You collect an email address. You send a warm welcome message. And then, for reasons that always feel justified in the moment, you go quiet for three months. The list keeps growing. The relationship with it does not.
This is one of the clearest failures of Continuity, the second pillar of The Method: a list that exists but is never actually shown up for. An audience you collected once and then left waiting, not because you stopped caring about the work, but because nothing in your week forced you to write to them.
What Aweber actually changes
Aweber is an email marketing platform built for exactly this gap: writing once and reaching people reliably, on a schedule, without re-deciding the mechanics every time. It handles the welcome sequence a new subscriber receives automatically, the broadcast you send when something is ready to share, and the basic segmentation that keeps a personal note from landing in everyone’s inbox like a mass announcement.

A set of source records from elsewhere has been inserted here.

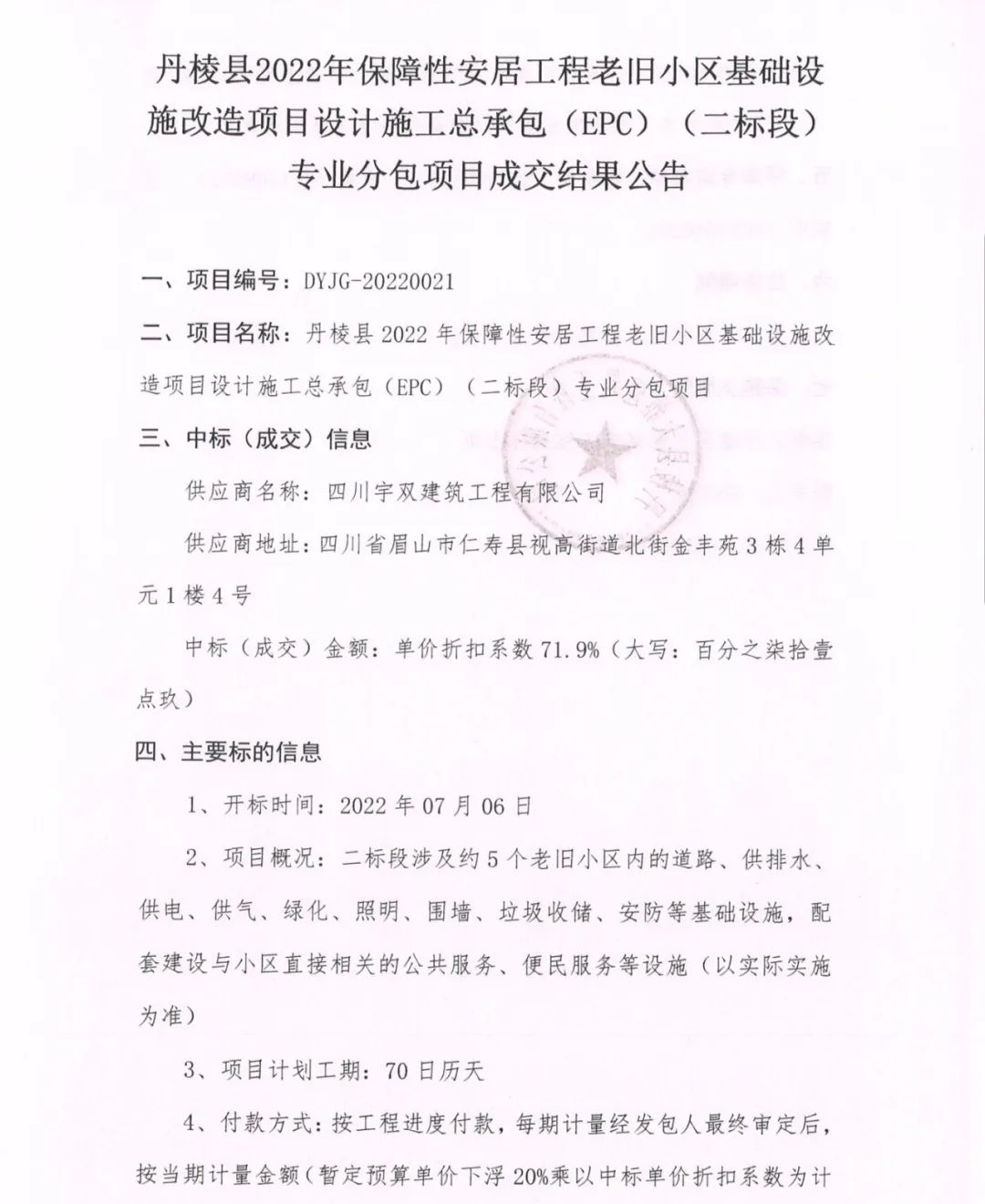 丹棱縣2022年保障性安居工程老舊小區(qū)基礎設施改造項目設計施工總承包(EPC)(二標段)專業(yè)分包項目成交結果公告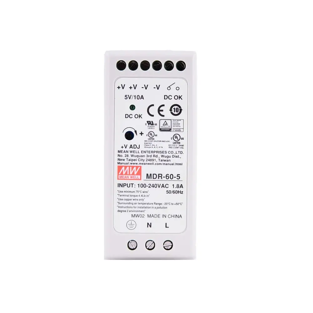 Оригинальный Промышленный источник питания Mean Well MDR-60-5 series DC 5V 10A 50W meanwell с одним выходом
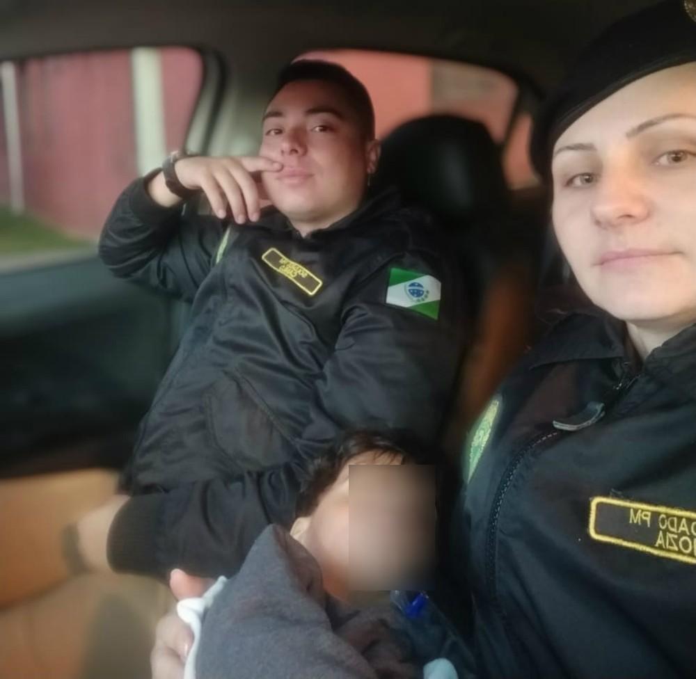 A PM foi acionada e resgatou o bebê. Conforme a policial Hozia Milena, ela e o colega procuraram acalmar o menino, dar carinho a ele e esquentá-lo.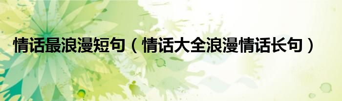 大家好,小晋来为大家解答以下问题,关于情话最浪漫短句,情话大全浪漫情话长句很多人还不知道,今天让我们一起来看看吧!

None of that replaces the writing itself. What it removes is the friction around the writing: remembering who already got which email, formatting something that renders properly across devices, or tracking who opened what. For a writer, coach, or consultant trying to stay in front of an audience without turning email into a second full-time job, that friction is often the real reason the list goes quiet, not a lack of things to say.
The honest part: a tool does not create the habit
Aweber will not make you consistent. It removes some of the excuses for not being consistent, which is a different thing. A list you never email is not continuity, it is a parked asset, and no automation sequence fixes that on its own.
Three things tend to separate people who use Aweber well from people who set it up and abandon it:
- Start with one short welcome sequence, not ten funnels you will never finish building.
- Decide your sending rhythm (weekly, biweekly, monthly) before you open the tool, not after.
- Write to one reader you have in mind, not to a database of subscribers.
Where this fits in the bigger picture
Continuity is not about volume. It is about a rhythm the reader can count on, even if that rhythm is modest. If the real obstacle to writing consistently is the mechanics of actually sending something, Aweber is worth setting up properly once. Not to automate the relationship away, but to remove what was quietly stopping you from showing up for it.
A list that hears from you reliably, even briefly, is worth more than a large list that hears from you once.
Frequently asked questions
Is Aweber good for beginners?
Yes. Its core features (a welcome sequence, a broadcast email, simple list segmentation) cover what most people need before they have a reason to use anything more advanced.
Do I need a large list before using Aweber?
No. The habit of writing to a small list consistently is what eventually grows it. Waiting for a bigger list before building the habit usually means the habit never starts.